Zimbabwe President Apologizes for Calling Jews Hard-hearted

The president of Zimbabwe, Robert Mugabe, has apologized to the Central African Jewish Board of Deputies for his recent remark calling Jews “hard-hearted.”

Mugabe issued the apology in the Zimbabwe capital of Harare at a meeting with a three-member delegation from the board, led by its vice president, Stanley Harris. The apology made headline news on Zimbabwe television, following an outcry from Jews and non-Jews alike when the remark was first reported.

The delegation expressed satisfaction with the meeting, saying Mugabe’s handling of the situation was in keeping with his friendly attitude to Jews over the past 12 years.
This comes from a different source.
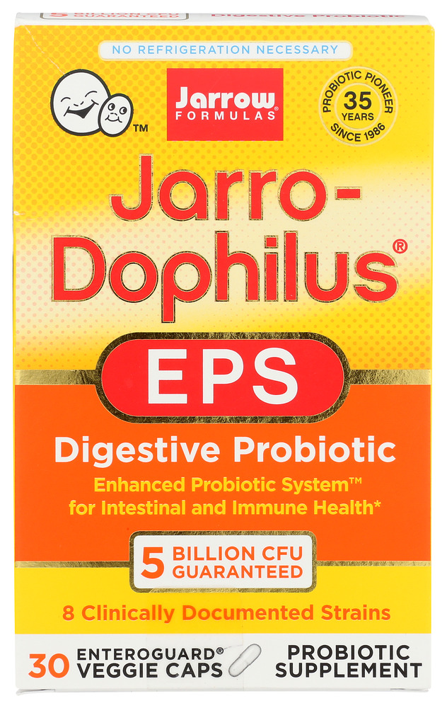 Jarro-Dophilus® EPS is an Enhanced Probiotic System™ formula due to its proprietary EnteroGuard® coating, blister packing defense against air and moisture, and use of strains with excellent stability at room temperature. This ensures a maximum number of probiotic strains are delivered to the intestinal tract, where they can fully exert their benefits. Jarro-Dophilus® EPS is a shelf-stable, multi-strain probiotic formulated with clinically documented strains.

“The matter is now closed,” said Harris.

Mugabe had made his controversial remark while criticizing white farmers in a drought-stricken area for not letting poor people graze their cattle there. He had said, “These people are now behaving like Jews, hard-hearted Jews.”

Mugabe reiterated his previous explanation that he had been referring to West Bank settlers – particularly during the previous government of Likud’s Yitzhak Shamir.

Mugabe sent good wishes to the new premier, Yitzhak Rabin, saying that under the Labor Party there is a better chance for peace in the Middle East.